How is this relevant to the smoking in pubs issue? Precisely because owners of pubs can be included amongst the capitalists who have kept such restrictive laws and taxes on the books. First and most obvious are the licensing laws, according to which it is illegal to simply open your own building up to the public and let them buy your alcohol off you. Without licensing laws, anybody could simply go into business as a pub, or even an "off license" (a redundant term in a free-market). Not only do licensing laws restrict who can go into business, but those who get into business are also restricted. Special licensing controls when pubs may open or stay open, or when they can sell different types of drinks. People have to pay, and often pay a lot, for instance, for the right to stay open later than eleven o'clock. Without this an enterprising landlord may have "smoker's hours," for instance, at which times he lets people smoke, and only employs workers willing to tolerate smokers (those who might, for example, be paid more to do so - if smokers are worth more - or are perhaps otherwise worth less). This is actually a much better plan than the idea that people can have "non-smoking areas" in their pubs, which is a fine plan so long as you have enough room to so segregate the pub. Smoker's hours allows a different type of segregation.
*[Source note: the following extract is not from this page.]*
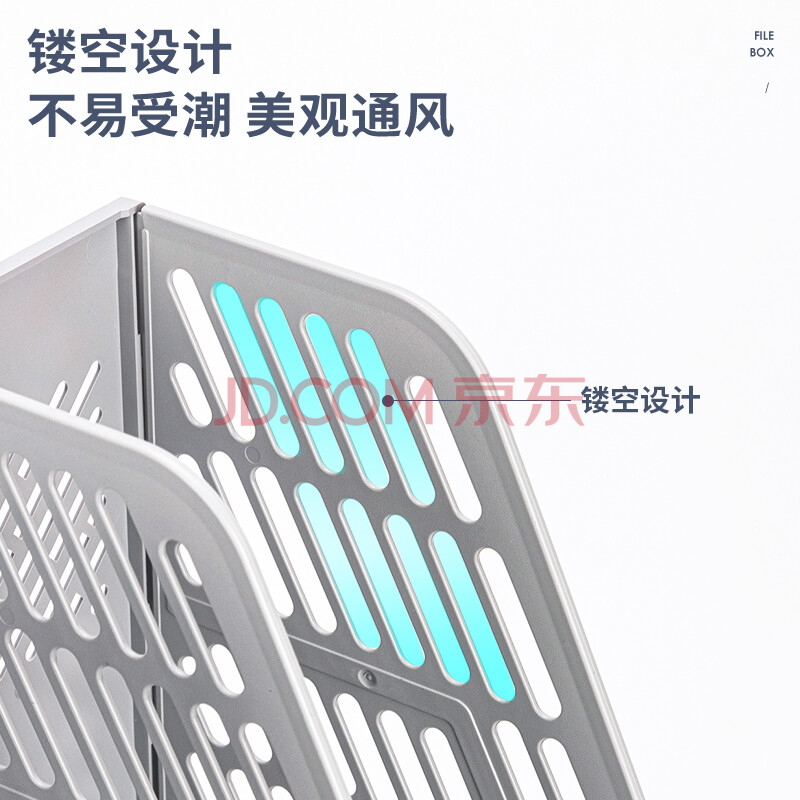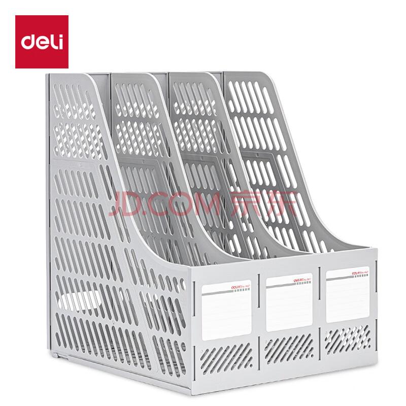 商品相册:得力(deli)三联镂空桌面文件框 办公室桌面多层资料架子 三栏带标签稳固文件栏/文件筐 灰色第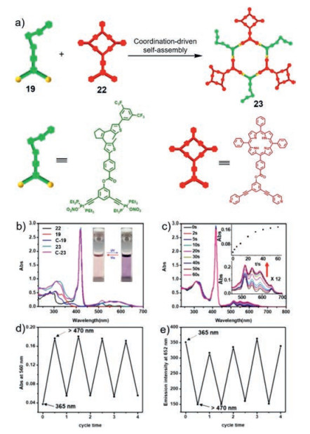 | Fig. 7. (a) Self-assembly of the diplatinum acceptor 19 and porphyrin-containing donor 22 into discrete hexagonal metallacycle 23. (b) The absorption spectra of the ligands 19, C-19, 22, and metallacycles 23, C-23; Inset: photographs of the color change of metallacycle 23 solutions. (c) Absorption spectral changes of metallacycle 23 (10 μmol/L in CH2Cl2) under irradiation at 365 nm; The insets show the amplifying absorption spectral changes from 450 nm to 700 nm and the absorbance at 560 nm. (d) Fatigue resistance of metallacycle 23 (10 μmol/L in CH2Cl2) upon alternating UV (365 nm) and visible light (> 470 nm) irradiation. (e) Changes in emission intensity of metallacycle 23 (10 μmol/L in CH2Cl2) at 652 nm over a few cycles of photoisomerization. Reproduced with permission [60]. Copyright 2019, the American Chemical Society. | |

On top of this, there are duties and taxes. Taxes on alcohol must be borne by its producer or supplier, since they cannot be passed on to customers. Anybody who thinks that taxes can be passed on to customers is presuming that, post-tax there is a high price at which consumers were still just as willing to buy as the were pre-tax, and that the producer or supplier was presumably for some reason not charging. This is an odd thing to think of capitalistic business men! Since taxes must be born by producers, they are an additional cost that is a prohibition on going into business. Therefore duties and taxes on alcohol help keep down the numbers of people competing in the industry.

Then there are planning laws. One cannot simply open a pub up. You have to apply for planning permission. Since planning committees are notoriously biased, this means that whoever controls the committee can restrict anybody else opening a business to compete with them. I seriously doubt that, even if there were no licensing laws, and no taxes, and there were an available market, I would still be prevented from going into business over the road from my local pub!.

All these regulations pose a barrier to entry to the industry. When they exist, landlords face less pressure to respond to consumer demand because it is harder for consumers to take their business elsewhere. So landlords can ignore consumer demand for non-smoking areas or times, or a non-smoking policy. If anybody were able to go into business, though, then people would be able to compete on these grounds. Likewise for workers in pubs. Workers are obliged to accept passive smoking because it is harder for them to simply "get a job somewhere else."

All this means that much of the "problems" surrounding the issue of smoking in pubs, can be laid at the feet of the interventionist corporate state. It is illogical to propose more intervention to solve the problem of intervention, though. The more consistent, just, and eficacious stategy, then, is not to ban smoking in pubs, but to free markets.